Navigation & Communication

Navigation & Communication

Navigation & Communication

Module 3

Navigation

Navigation is the process of monitoring and controlling the movement of a craft or vehicle from one place to another.

It is also the term of art used for the specialized knowledge used by navigators to perform navigation tasks.

All navigational techniques involve locating the navigator's position compared to known locations or patterns.

Basic Concepts

Latitude- The latitude of a place on the Earth's surface is the angular distance north or south of the equator.

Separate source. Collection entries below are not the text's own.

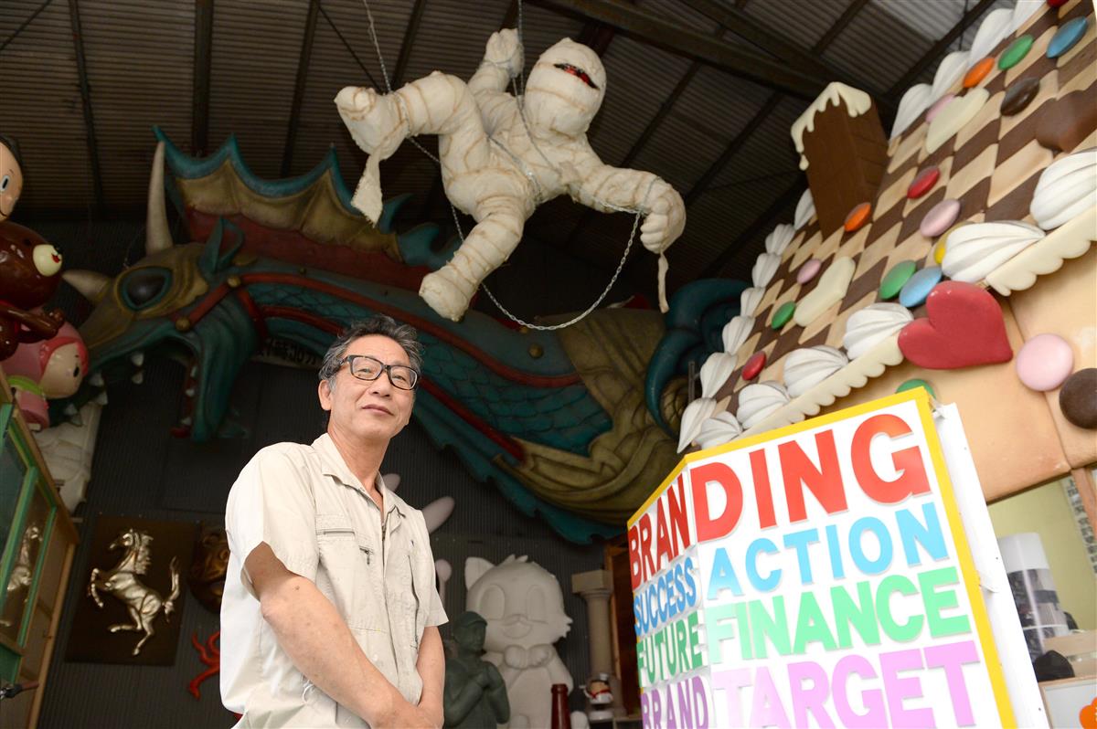 我流で立体看板の技を磨いてきたポップ工芸の中村社長。今は後進を育成、指導しながらユニークな立体看板を国内外へ送り出し続けており、年間40体前後の受注がある。奈良県のマスコットキャラクター「せんとくん」の立体像など、自治体からの発注も増えている。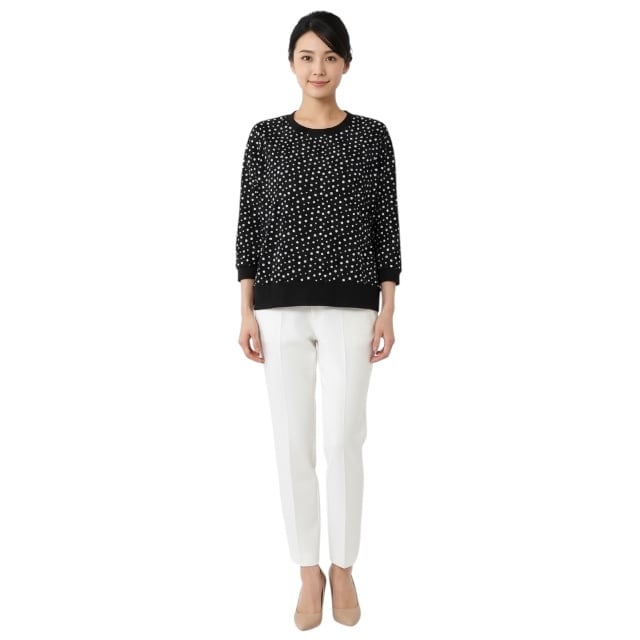 PUPULA ププラ ドットプリント 七分袖 クルーネックプルオーバー【レディースファッション 30代 40代 50代 60代】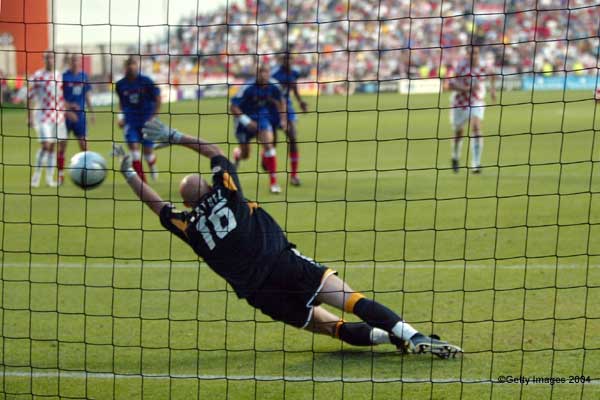 Croatia meanwhile must beat England on Sunday to advance. After a quiet opening period defender Igor Tudor suffered a cruel dose of ill luck when he deflected in a Zidane freekick from some 25 yards out to leave Croatian keeper Tomislav Butina groping at thin air as the ball ricocheted past him. The second half was barely two minutes old when Silvestre clattered into Dovani Rosso to hand Rapaic the chance to level from the spot.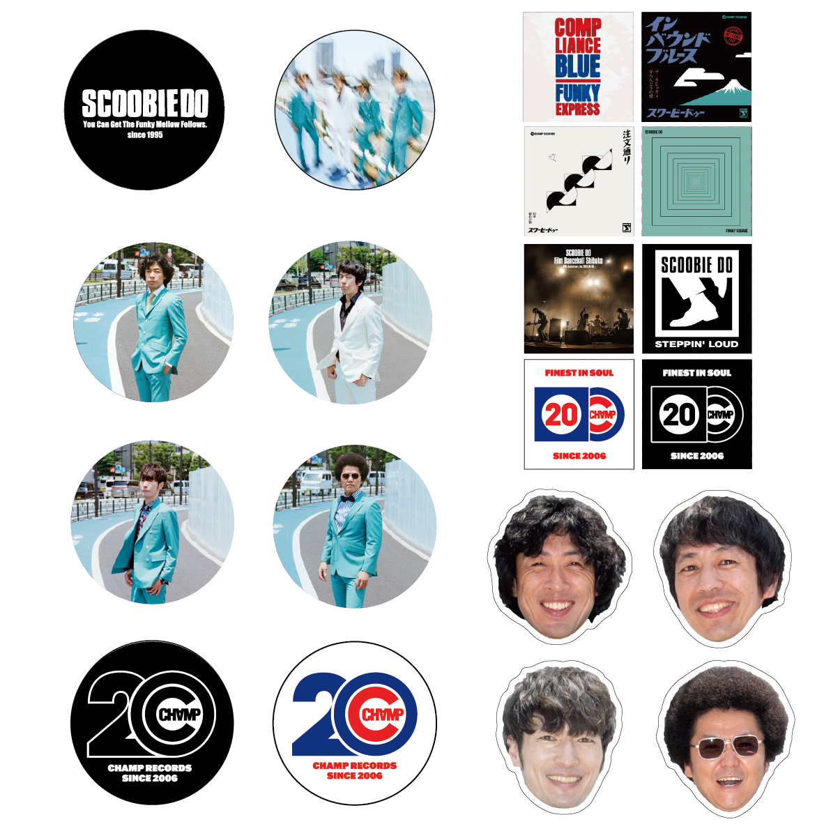 CHAMP RECORDS Logo, 『コンプライアンスブルー』『インバウンドブルース』『注文通り』『FUNKY SQUARE』Jacket designed by 近藤幸二郎(BLACK BELT JONES DC)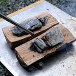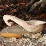 フックナイフがないときは、焚き火で作った熾を木に載せて少しずつ炭化させ、スプーンなどでこそげ取るという方法もあり。狙った方向・深さにするには欲張って大きな熾を載せず、小さめの熾で少しずつ彫り進めるのがコツ。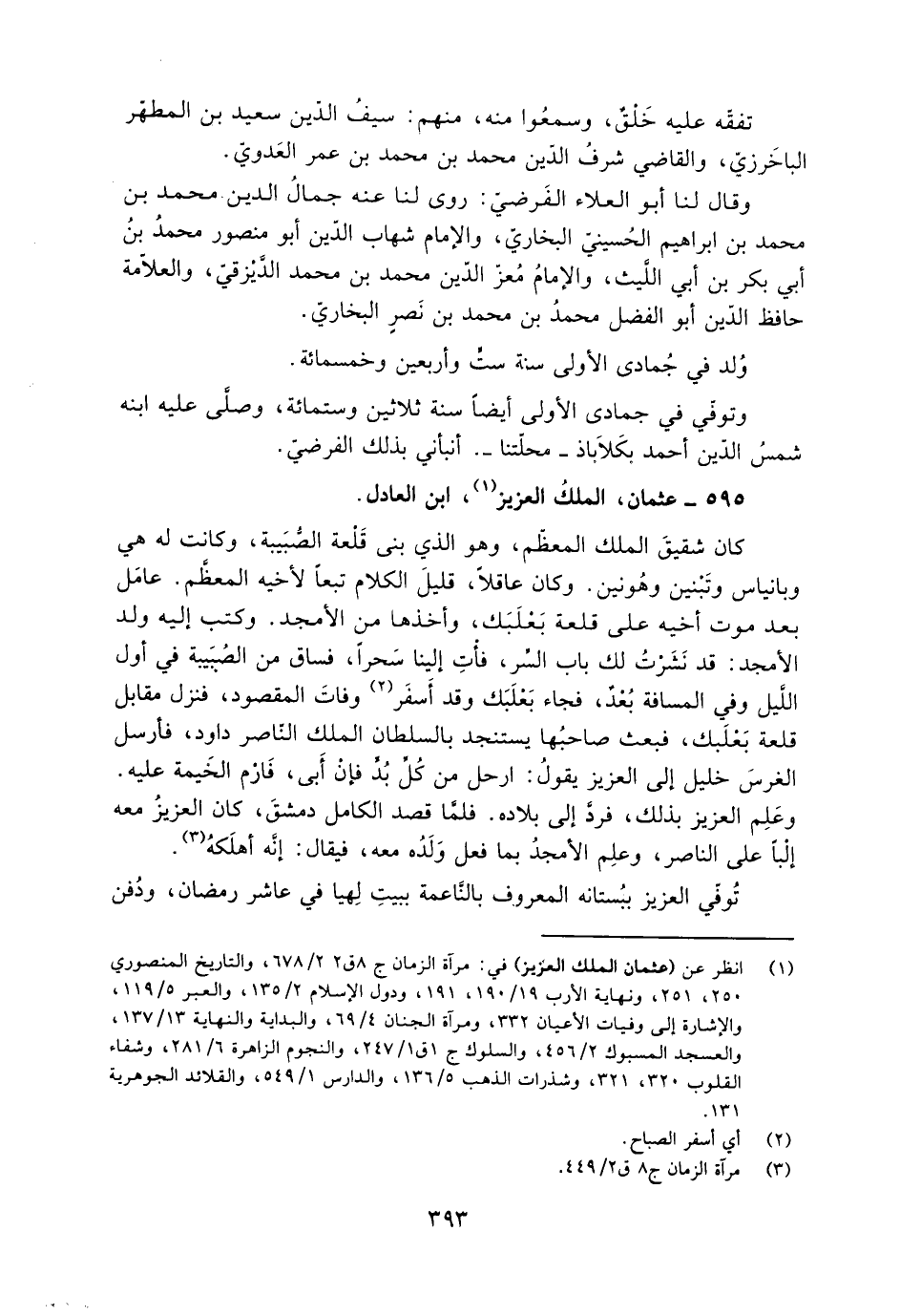 كَانَ شقيق الملك المعظّم، وهو الّذي بنى قلعة الصّبيبة، وكانت لَهُ هي وبانياس وتبنين وهونين. وكان عاقلا، قليل الكلام تبعا لأخيه المعظّم. عامل بعد موت أخيه على قلعة بَعْلَبَكّ، وأخذها من الأمجد. وكتب إليه وُلِدَ الأمجد: قد نشرت لك باب السّر، فأت إلينا سحرا، فساق من الصبيبة في أول اللّيل وفي المسافة بعد، فجاء بَعْلَبَكّ وقد أسفر [2] وفات المقصود، فنزل مقابل قلعة بَعْلَبَكّ، فبعث صاحبها يستنجد بالسلطان الملك النّاصر داود، فأرسل الغرس خليل إلى العزيز يقول: أرحل من كلّ بدّ فإن أبى، فارم الخيمة عليه.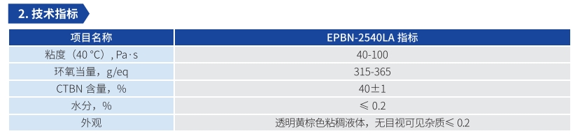 本产品是有液体双酚A环氧树脂与端羧基丁腈液体橡胶的加成物,常温下为液体。用于双酚A体系可明显提高环氧树脂体系的韧性、抗冲击强度和粘着力;也可提高胶粘剂体系的抗剥离、抗冲击、抗剪切性能;还可以明显提高环氧的耐低温剂抗龟裂性能。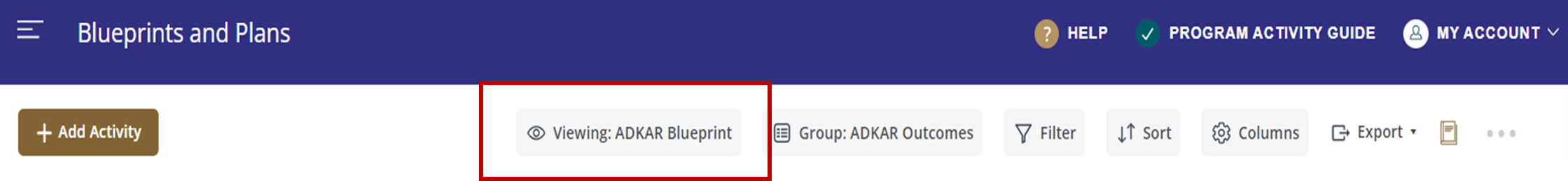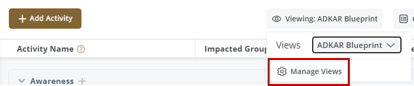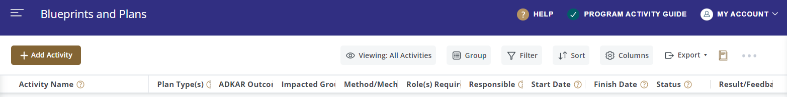 - ADKAR Blueprint - Displays activities grouped by ADKAR Outcome, with configured columns. (This is the current default view for users when they click into the Blueprints and Plans page)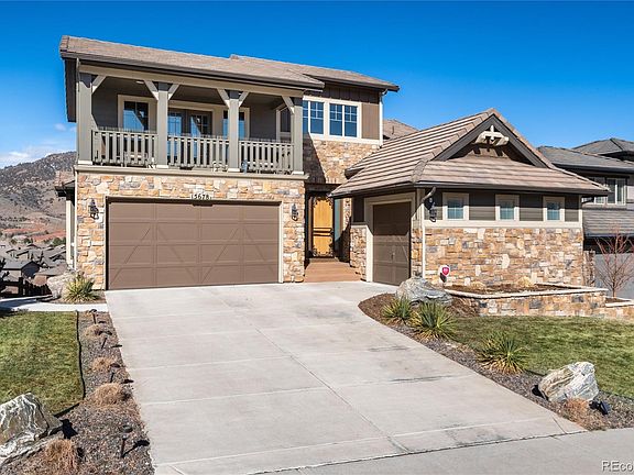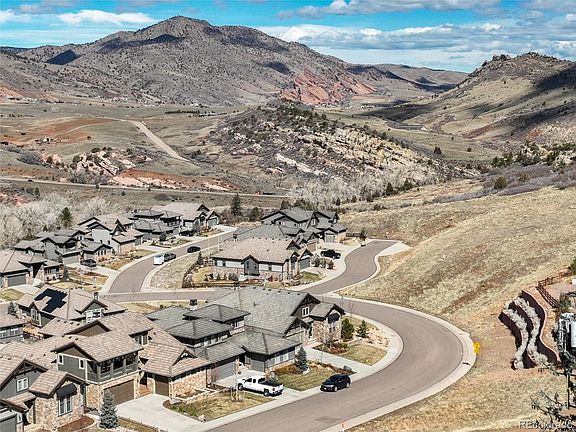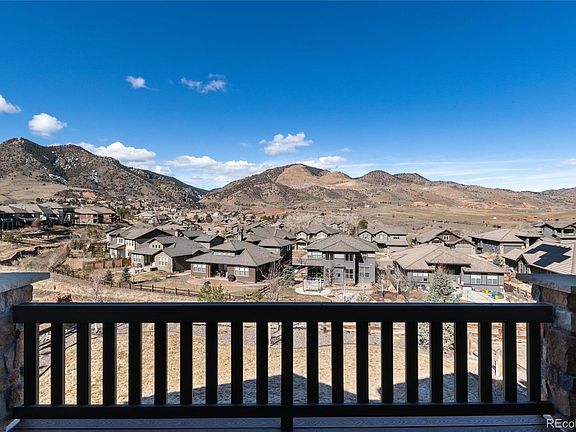 Sweeping mountain views nestled in the foothills of the desirable community of Lyon’s Ridge! Open floor plan with gourmet kitchen, upgraded appliances and 2-story stone fireplace. Beautiful hardwood floors! Abundant windows throughout to enjoy the incredible views. Spacious Main floor owners suite with mountain views and access to the covered deck. Second bedroom or study on the main level with adjacent full bathroom. Dining room with butlers pantry - perfect for entertaining. Upper level bonus room with double doors leading to the deck overlooking open space - perfect as an office, studio or game room. The walk-out lower level has a spacious great room with gas fireplace. 3rd bedroom with attached 3/4 bathroom and 4th bedroom being used as an exercise room with adjacent bathroom. Walk-out to the fenced backyard and enjoy the views. Acres of private open space and trails! Ride your golf cart or walk to Red Rocks Country Club with a 18 hole private golf course, restaurant and pool.

Longitude- Similar to latitude, the longitude of a place on the Earth's surface is the angular distance east or west of the prime meridian or Greenwich meridian.

Navigation Basics

Most modern navigation relies primarily on positions determined electronically by receivers collecting information from satellites.

Most other modern techniques rely on crossing lines of position or LOP. A line of position can refer to two different things: a line on a chart and a line between the observer and an object in real life. A bearing is a measure of the direction to an object. If the navigator measures the direction in real life, the angle can then be drawn on a nautical chart and the navigator will be on that line on the chart.

  • In addition to bearings, navigators also often measure distances to objects On the chart, a distance produces a circle or arc of position. Circles, arcs, and hyperbolae of positions are often referred to as lines of position.

  • If the navigator draws two lines of position, and they intersect he must be at that position. A fix is the intersection of two or more LOPs.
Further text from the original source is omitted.